In case of wild type and mutant of MNK6, we use the Go-model developed by the Onuchic group,16 modified in such a way that takes into account protein flexibility in the construction of the energy function by utilizing all structures of an NMR ensemble17 instead of only a single structure. In the case of MNK6, this modification is important as the first models of wild type and mutant differ by only ≈ 2 Å, comparable to the differences within the respective NMR ensembles. Using this modified Go-model, we have described recently the differences in the folding pathways of wild type and mutant, and we have presented evidence for a possible mechanism in the pathology of Menkes disease.17 However, our analysis suffers from low statistics, as the number of folding/unfolding transitions was small in our replica exchange molecular dynamics simulations of wild type and mutant.
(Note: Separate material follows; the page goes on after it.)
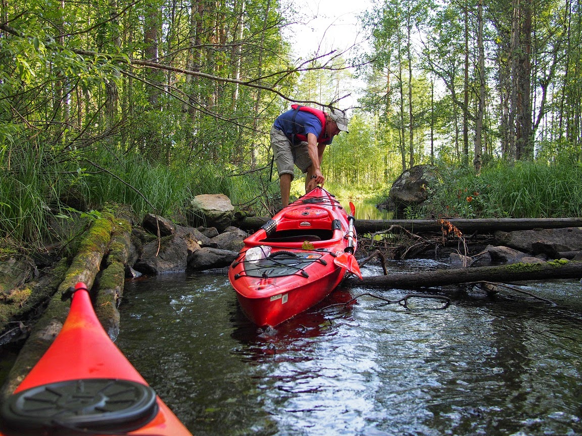 | Hieman pidemmällä tuli vastaan pari kapeaa ja kivikkoista pätkää. Tässä nostellaan niistä toisessa kajakkeja tukkien yli – kyseessä on todennäköisesti vanha uittopuomi niiltä ajoilta kun jokea käytettiin tukinuittoon. |

Comparing our previous results with such from multicanonical molecular dynamics simulations of the same system therefore allows us to quantify the gain in efficiency by the later approach.
The shorter peptide DS119 is build from 36 amino acids and adopts in solution a βαβ structure,19 making it a simple model for proteins with end-to-end β-sheet. Previous work using canonical molecular dynamics suggests that DS119 is a downhill folder with only moderate cooperativity.20 However, this study relies only in part on all-atom simulations with a “physical” force field (Amber ff03 and a GB/SA implicit solvent model), while the folding cooperativity is studied by Go-model simulations. In contrast, our investigation relies solely on simulations with a “physical” all-atom force field. This is because we expect that multicanonical molecular dynamics will enable us to sample a number of folding/unfolding events that is sufficiently large to probe the folding mechanism of this peptide. Note that we use the same energy function as Ref.20 to allow for a comparison with previous work.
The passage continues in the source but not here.